Wyszłaś z domu, by zaczerpnąć świeżego powietrza. Chociaż nie byłaś już pięcioletnią dziewczynką z dwoma kucykami, beztrosko bawiącą się zachowywałaś się trochę podobnie do niej. Twoją głowę ogarniały myśli, że następne chwilę spędzisz u Dracona, robiłaś wszystko szybko, nieperfekcyjnie, najmniejsze rzeczy sprawiały Ci radość. Podobało Ci się to. Chciałaś, aby trwało jak najdłużej. Niestety nie było tak. Twoja błogość została zakończona już następnego dnia, wtedy właśnie wezwał Cię cały świat i jego obowiązki. Twój dziadek zaprosił Cię na spacer. Widział, że spędzasz jak najwięcej czasu poza domem, więc połączył pożyteczne z przyjemnym. Niestety nie trwało to długo. Twoi rodzice wzięli Cię na mugolskie zakupy. U Draco przecież musiałaś jakoś wyglądać. Rozdzieliłaś się z rodzicami, każdy poszedł w inną stronę, szukać dla Ciebie czegoś innego. Zdecydowaliście się na to głównie, aby wszystko poszło szybciej. Aktualnie zmierzałaś po nowe buty.  Buty z zeszłego roku przestały Ci się już podobać, wyrosłaś z nich, kolor nie był aż tak wyraźny. Szłaś, szłaś, szł... już nie. Ktoś uderzył w Ciebie swoim ramieniem. Gdybyś miała coś w rękach, na pewno toczyłoby się już po całej ulicy.

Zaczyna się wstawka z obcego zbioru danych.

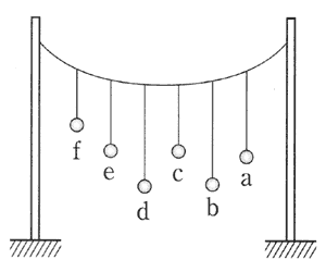 図1のように、糸をゆるくたるませて水平に張り、そこに数個の振り子(a~f)を結びつけて吊るす。これらの振り子の糸の長さは長いものや短いものまちまちにする。ただし同じ長さのものを1組作っておく。いまそれをbとdとしよう。

-Każdego, pieprzonego roku to samo-pomyślałaś.

Wpadłaś na, na oko starszego od Ciebie o kilka lat chłopaka. Miał on brązowe loki, by wysoki i szczupły.

-Mogłabyś uważniej chodzić laska?- Zapytał.

-No przepraszam bardzo, to ty na mnie wszedłeś- Odpowiedziałaś. Chłopak wyraźnie Cię zdenerwował. Nie dość, że to on na Ciebie wpadł, nie przyznał się to jeszcze miał do Ciebie pretensje.

-Złość piękności szkodzi laleczko- Mówiąc to przejechał ręka po swoich włosach. Musiałaś przyznać, że wyglądało to nadzwyczajnie seksownie.

Nie patrząc dłużej na niego, odeszłaś bez słowa. Po dotarciu do sklepu i przymierzeniu chyba dwudziestu par wybrałaś. Były to buty na leciutkim koturnie,ale wzięłaś też czarno-różowe buty typowo sportowe. Wróciłaś z nimi do rodziców, którzy czekali z resztą zakupów. Wróciliście do domu, skrzaty domowe zrobiły kolacje, zjadłaś ją chwilę później z rodziną, wykąpałaś się i poszłaś spać. Tej nocy śniłaś, o Draco...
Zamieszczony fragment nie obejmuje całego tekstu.